▶ _Exercise prompt_
Leave out all pictures and retype exactly the lines from the one with "Lean back and" through the last line of the material.
(Provided data Opens)
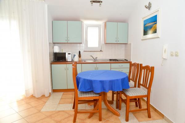Die Appartments Blue sind komplett ausgestattet, befinden sich in einer stillen Gegend , nur 70m vom Strand entfernt und bieten Ihnen einen unvergesslichen Urlaub zum Geniessen und Entspannen. Der hervorragende Blick, direkt vom Balkon auf's Meer und die Inseln ist etwas was Sie sicher lange in Errinerung behalten werden. Die Appartments Blue befinden sich in einem Haus und umfassen insgesamt 5 Appartments. Einer von den Appartments ist auch für Behinderte zugänglich. Im Hausgarten befindet sich ein Grill, welcher Ihnen jederzeit zu Verfügung steht. Parkplatz ist vorhanden. Der Strand vor dem Appartment besteht aus Kiessteinen und ist für Kinder aller Altersgruppen geeignet, bis die Erwachsenen Ihre Zeit auf kostenlosen Liegestühlen und unter Sonnenschirmen geniessen können. Der Internet-Anschluss in den Appartments so auch am Strand ist vorhanden und kostenlos.
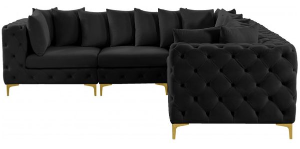 Lean back and relax on this Tremblay sectional. Featuring soft black velvet upholstery with deep button tufting, this sectional adds a bold touch to any living space. A complete set of gold and chrome legs are included, so you can change it up to suit your home décor.Read More
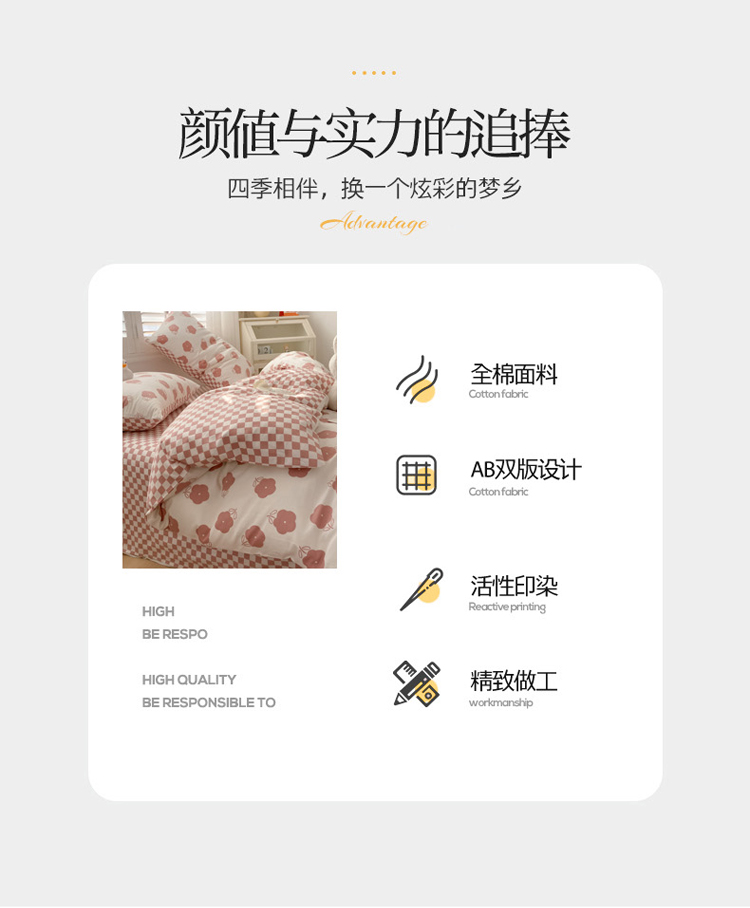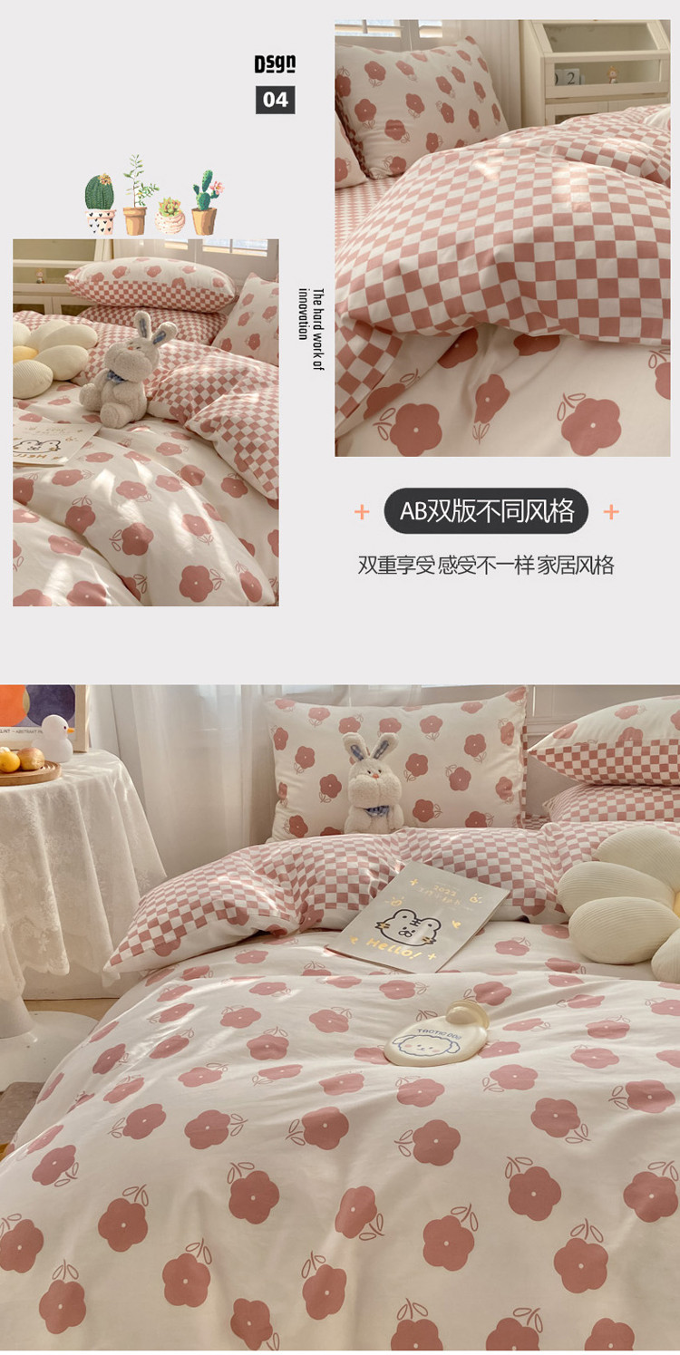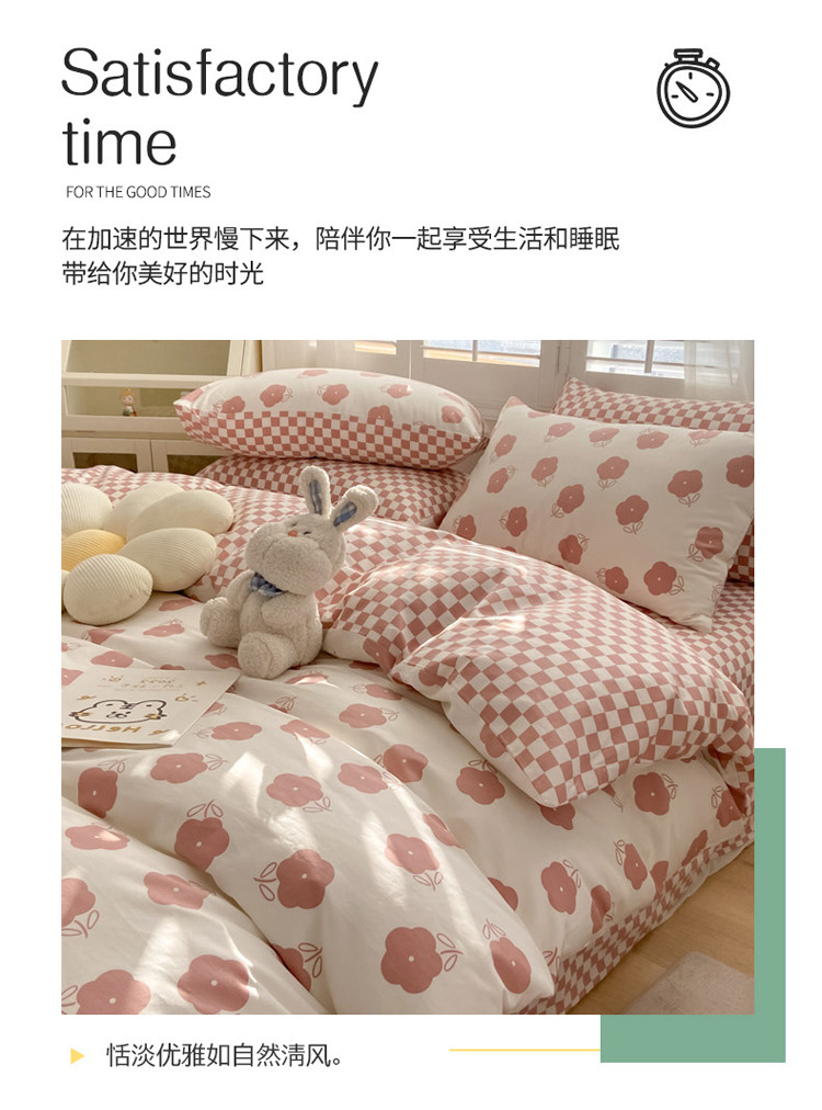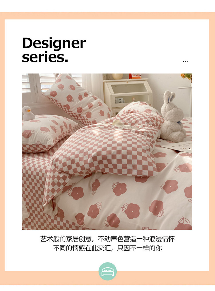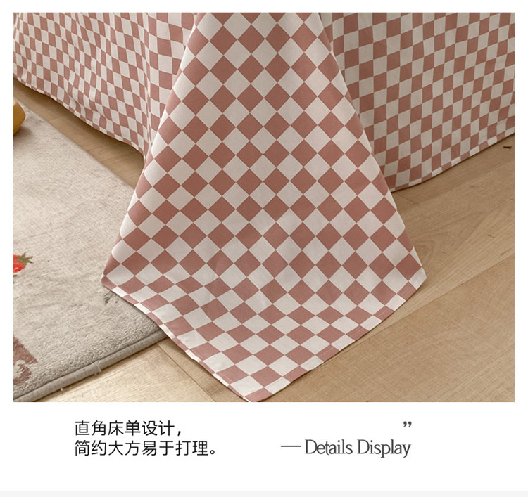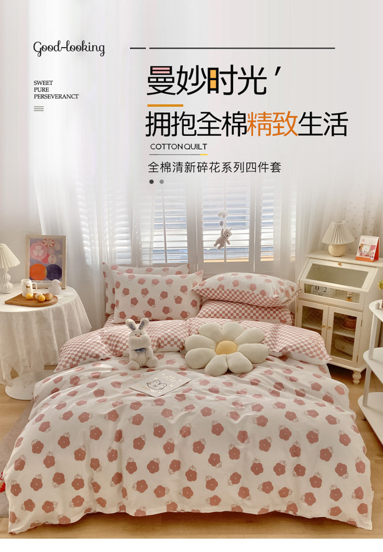 暮思家居 新款40s13372全棉小清新小碎花纯棉四件套 棋盘小花粉
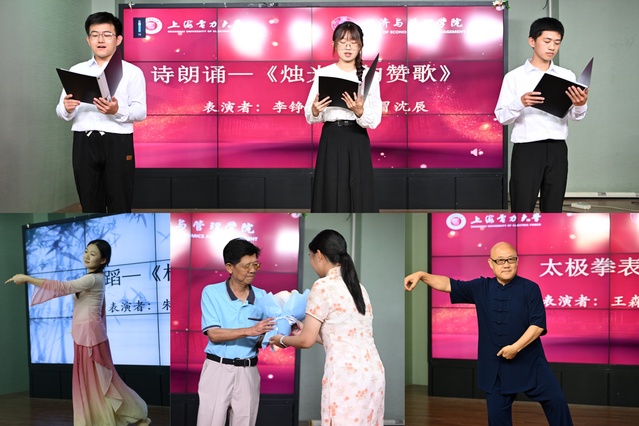 在“师者·榜样”表彰环节中,学院分别表彰了在师资建设、人才培养、科学研究、党务行政等工作中取得突出成绩的先进集体和个人,学院领导向获奖集体和个人颁奖。学生们以诗朗诵《烛光里的赞歌》、舞蹈《相许》向教师们致以最崇高的敬意、传递最美好的祝福。教师代表王森波以一套太极拳表演将气氛烘托至高潮。
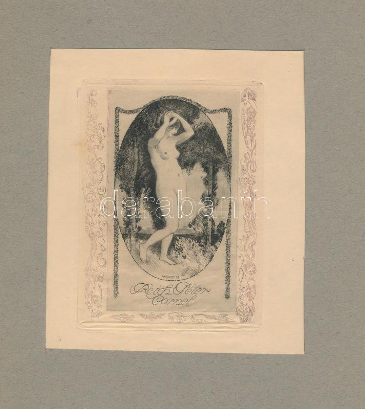 Beschreibung: 1918 Soder jelzéssel: Erotikus ex libris Reich Peter Cornel / Erotic bookplate 13x10 cm paszpartuban
(Provided data Closes)
▶ _Output of the exercise_
 Lean back and relax on this Tremblay sectional. Featuring soft black velvet upholstery with deep button tufting, this sectional adds a bold touch to any living space. A complete set of gold and chrome legs are included, so you can change it up to suit your home décor.Read More
 暮思家居 新款40s13372全棉小清新小碎花纯棉四件套 棋盘小花粉
 在“师者·榜样”表彰环节中,学院分别表彰了在师资建设、人才培养、科学研究、党务行政等工作中取得突出成绩的先进集体和个人,学院领导向获奖集体和个人颁奖。学生们以诗朗诵《烛光里的赞歌》、舞蹈《相许》向教师们致以最崇高的敬意、传递最美好的祝福。教师代表王森波以一套太极拳表演将气氛烘托至高潮。
 Beschreibung: 1918 Soder jelzéssel: Erotikus ex libris Reich Peter Cornel / Erotic bookplate 13x10 cm paszpartuban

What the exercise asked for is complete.